I might be wrong, but when we split things into threads, we want to make use of multi-core architecture of our CPUs.
We mostly think CPUs being a single unit, but you must've heard about how i5 is a quad-core processor, meaning it has 4 cores-- or 4 cores make a CPU, i3 is a dual core processor-- i.e, it only has two cores.
So the aggregate CPU utilization for quad-core would be 100% split into 4x25. There's a difference b/w concurrency and parallelism. Parallel means each thread runs on a separate core, making full use of it. Now you have 4 people doing one job-- or a better analogy would be there are 4 printers in the office, and 4 people can go ahead and get the copies that they want. This is parallelism.
Using that same analogy let's extend it to just one copier/printer and 4 people want to make copies, what we do is make use concurrency, we print each requested copy but only 25% of it, then we switch to the next person, then the next and then the next, this will take 4 iterations for all the copies to get printed. Even though we utilized 100% of the copier's capability, still our guys had to wait-- this waiting time also depends on what was the length of the document they wanted to print-- so we use something like pre-emption, you can only execute/print for a certain amount of time, before we start printing for the next guy.
Speeding up a single process-- allocating it 100% of the CPU is not a problem [although we want to run bunch of other stuff like GUI, play music, system services etc, but 85% is doable], the execution time becomes 1/4th when it's distributed b/w the CPUs. Imagine you have to print a book, with 4 copiers, book is 400pages long-- you use 4 copiers to print 100pages each. Will be faster right?
I hope I made some sense, Going to sleep.


Does multi-threading improve performance? How?
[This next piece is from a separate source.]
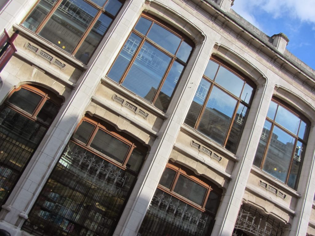En este contexto se crean los almacenes Waucquez. El espacio que servía de almacén para la empresa se sirve de la nueva corriente estética para crear un espacio esplendido para el comercio de sus productos. Este edificio pues, sigue la estela de la arquitectura de los grandes almacenes del siglo XIX como Printemps, las Galerías Lafayette o La Samaritaine en París, pero en versión más reducida.
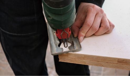 ジグソーなどで天板の角を落とし丸く仕上げます。一度で綺麗に切り落とすのは難しいので、少し大きめにカットしてから、サンディングで整えていきます。

I hear everyone talking about how multi-threading can improve performance. I don't believe this, unless there is something I'm missing. If I have an array of 100 elements and traversing it takes 6 seconds. When I divide the work between two threads, the processor would have to go through the same amount of work and therefore time, except that they are working simultaneously but at half the speed. Shouldn't multi threading make it even slower? Since you need additional instructions for dividing the work?
For a simple task of iterating 100 elements multi-threading the task will not provide a performance benefit.
Iterating over 100 billion elements and do processing on each element, then the use of additional CPU's may well help reduce processing time. And more complicated tasks will likely incur interrupts due to I/O for example. When one thread is sleeping waiting for a peripheral to complete I/O (e.g. a disk write, or a key press from the keyboard), other threads can continue their work.
For CPU bound tasks where you have more than one core in your processor you can divide your work on each of your processor core. If you have two cores, split the work on two threads. This way you have to threads working at full speed.
However threads are really expensive to create, so you need a pretty big workload to overcome the initial cost of creating the threads.
You can also use threads to improve appeared performance (or responsiveness) in an interactive application. You run heavy computations on a background thread to avoid blocking UI interactions. Your computations does not complete faster, but your application does not have those "hangs" that make it appear slow and unresponsive.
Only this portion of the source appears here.